### WORK INSTRUCTION
Give the entries again exactly; drop the pictures.

++++ DATA EXCERPTS ++++

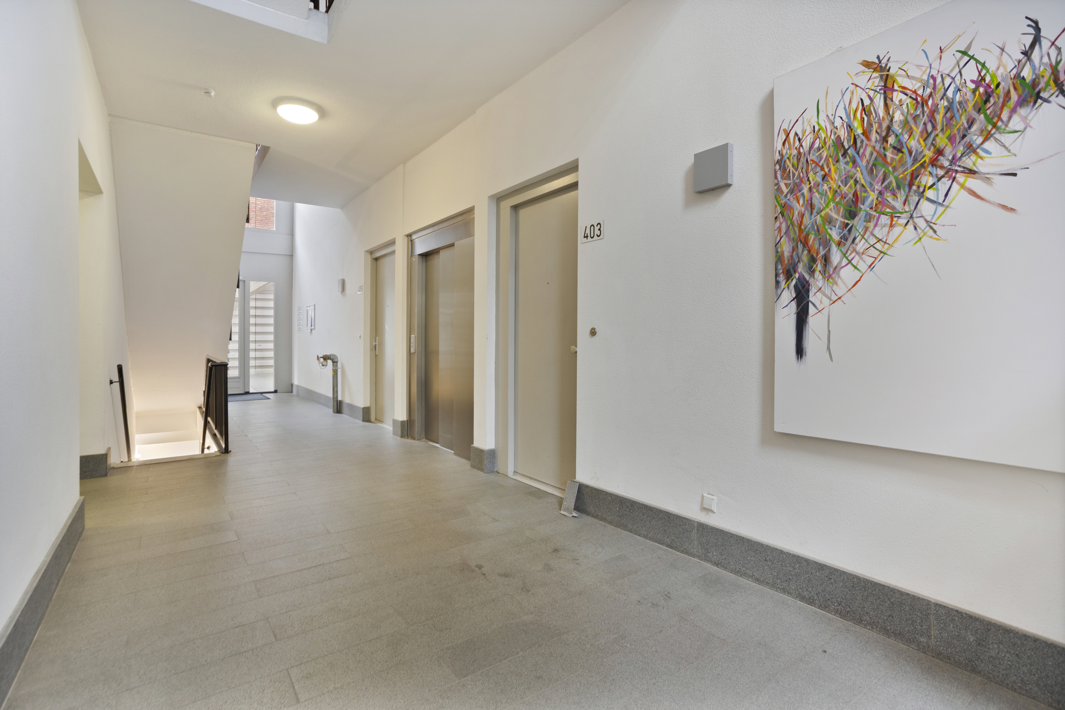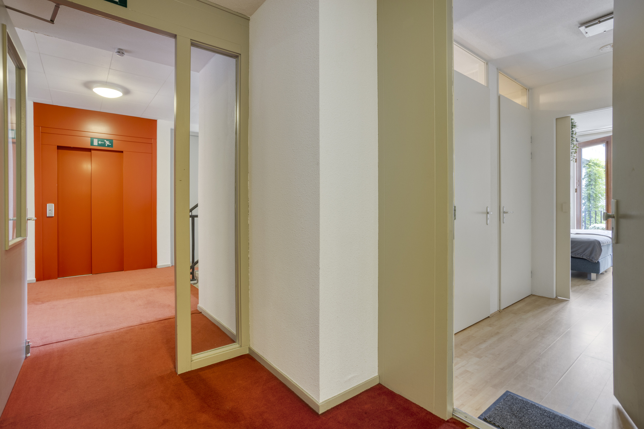 De gezamenlijke entree is voorzien van postbussen, bellentableau en een videofooninstallatie. De centrale hal/entree biedt toegang tot het trappenhuis, de liften en het souterrain. In het souterrain bevindt zich de eigen parkeerplaats. Met de auto bereikt u de parkeergarage middels een hellingbaan en een op afstand bedienbare toegangspoort. Zowel de postbus, berging en de parkeerplaats hebben een ideale ligging ten opzichte van de entree.
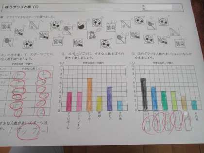 棒グラフの読み取りやかき方について学習をしています。
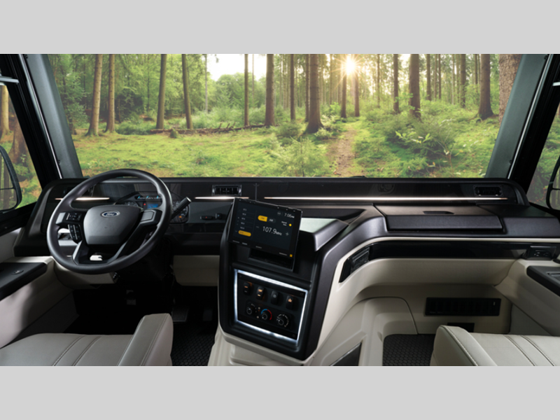 - E-Z Drive™ Elite; 15,000 BTU A/C unit with heat pump and second 13,500 BTU A/C unit; Exterior entertainment center; Electric patio awning with LED lights; Slideout cover awnings; Onan® 5,500W generator; 1,200W inverter; 50-amp electrical service; 10 gal. gas/electric water heater; Sony® infotainment center; Backup and side-view cameras; Removable driver/passenger cockpit table; LED-lit solid-surface countertops, LED HD Smart TV in living area; Integrated day/night cassette shades
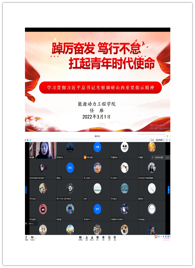 为深入学习贯彻习近平总书记考察调研山西重要指示精神,2022年3月1日下午,皇冠hg0086客户端利用腾讯会议平台为全体学生党员开展宣讲,学院党委副书记任雁以《踔厉奋发笃行不怠,扛起青年时代使命》为主题,带头讲好“开学第一课”。
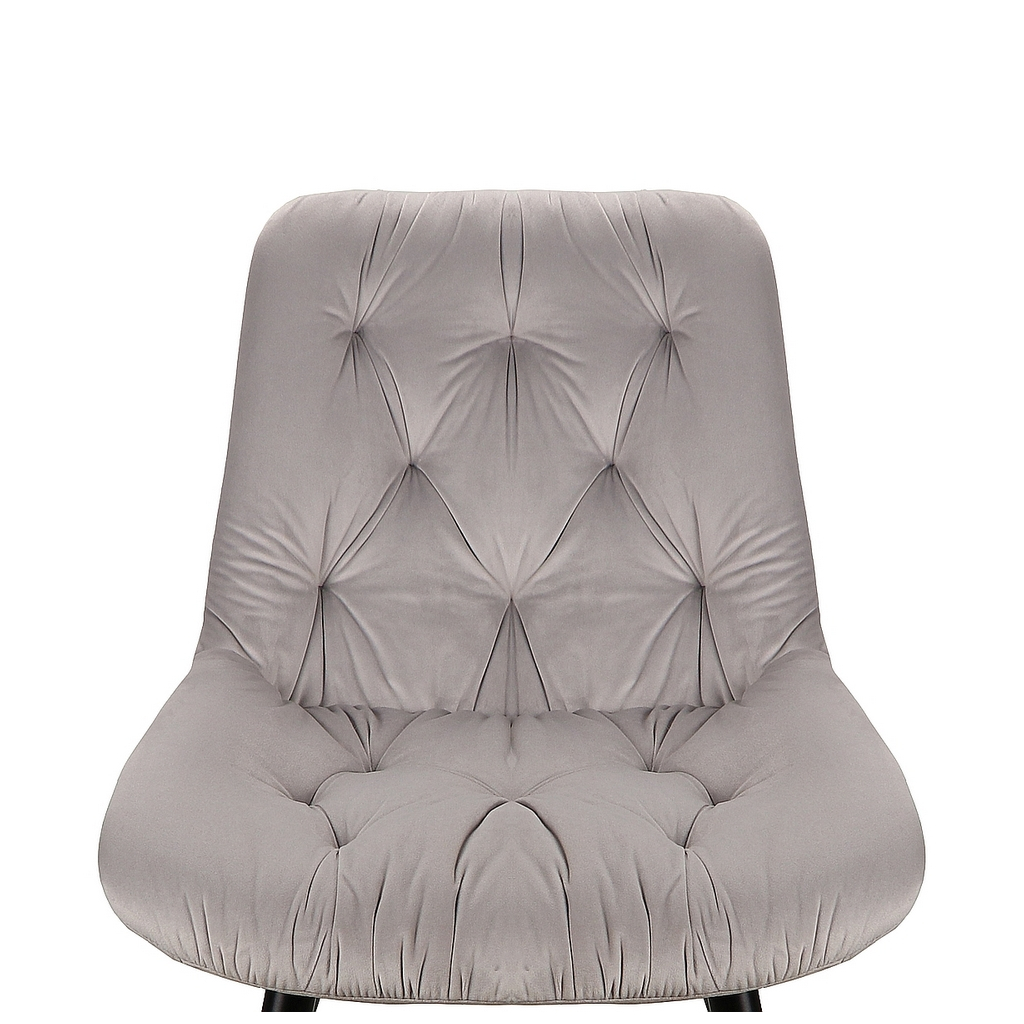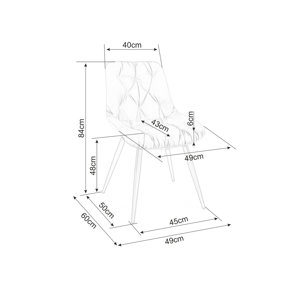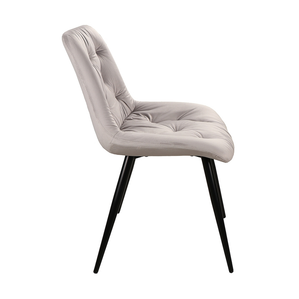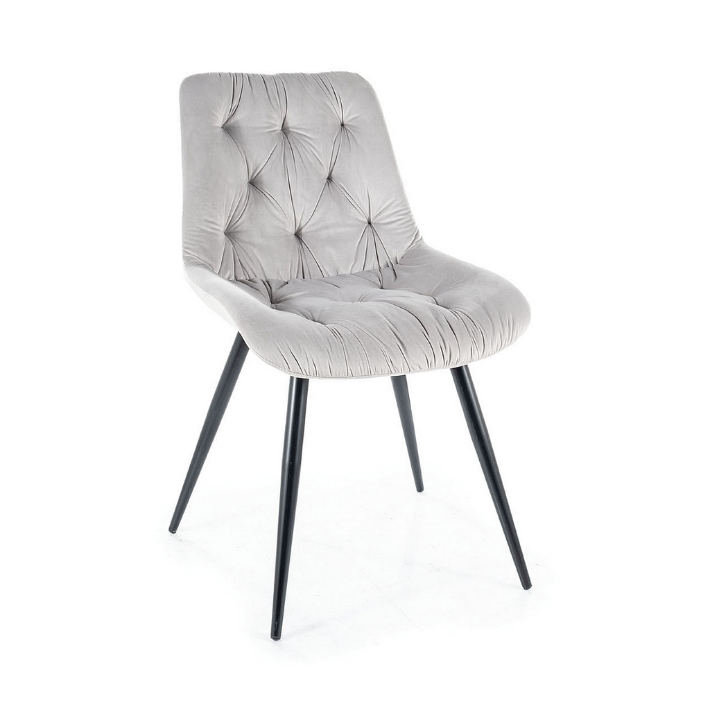 Židle kombinuje hebký látkový potah s prošíváním a úzké kovové nohy. Lehké vyvýšení sedáku na stranách poskytuje podporu bokům a posiluje komfort sezení.
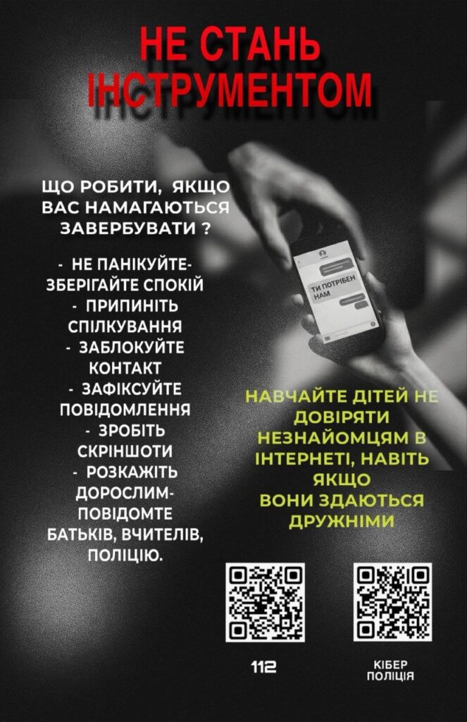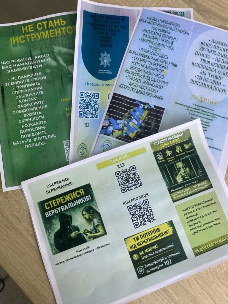 Вході зустрічі було обговорено алгоритм дій для дитини у разі спроби завербувати її. Окремо наголошено на відповідальності неповнолітніх за такі види злочинів.

++++

### ANSWER AREA
 De gezamenlijke entree is voorzien van postbussen, bellentableau en een videofooninstallatie. De centrale hal/entree biedt toegang tot het trappenhuis, de liften en het souterrain. In het souterrain bevindt zich de eigen parkeerplaats. Met de auto bereikt u de parkeergarage middels een hellingbaan en een op afstand bedienbare toegangspoort. Zowel de postbus, berging en de parkeerplaats hebben een ideale ligging ten opzichte van de entree.
 棒グラフの読み取りやかき方について学習をしています。
 - E-Z Drive™ Elite; 15,000 BTU A/C unit with heat pump and second 13,500 BTU A/C unit; Exterior entertainment center; Electric patio awning with LED lights; Slideout cover awnings; Onan® 5,500W generator; 1,200W inverter; 50-amp electrical service; 10 gal. gas/electric water heater; Sony® infotainment center; Backup and side-view cameras; Removable driver/passenger cockpit table; LED-lit solid-surface countertops, LED HD Smart TV in living area; Integrated day/night cassette shades
 为深入学习贯彻习近平总书记考察调研山西重要指示精神,2022年3月1日下午,皇冠hg0086客户端利用腾讯会议平台为全体学生党员开展宣讲,学院党委副书记任雁以《踔厉奋发笃行不怠,扛起青年时代使命》为主题,带头讲好“开学第一课”。
 Židle kombinuje hebký látkový potah s prošíváním a úzké kovové nohy. Lehké vyvýšení sedáku na stranách poskytuje podporu bokům a posiluje komfort sezení.
 Вході зустрічі було обговорено алгоритм дій для дитини у разі спроби завербувати її. Окремо наголошено на відповідальності неповнолітніх за такі види злочинів.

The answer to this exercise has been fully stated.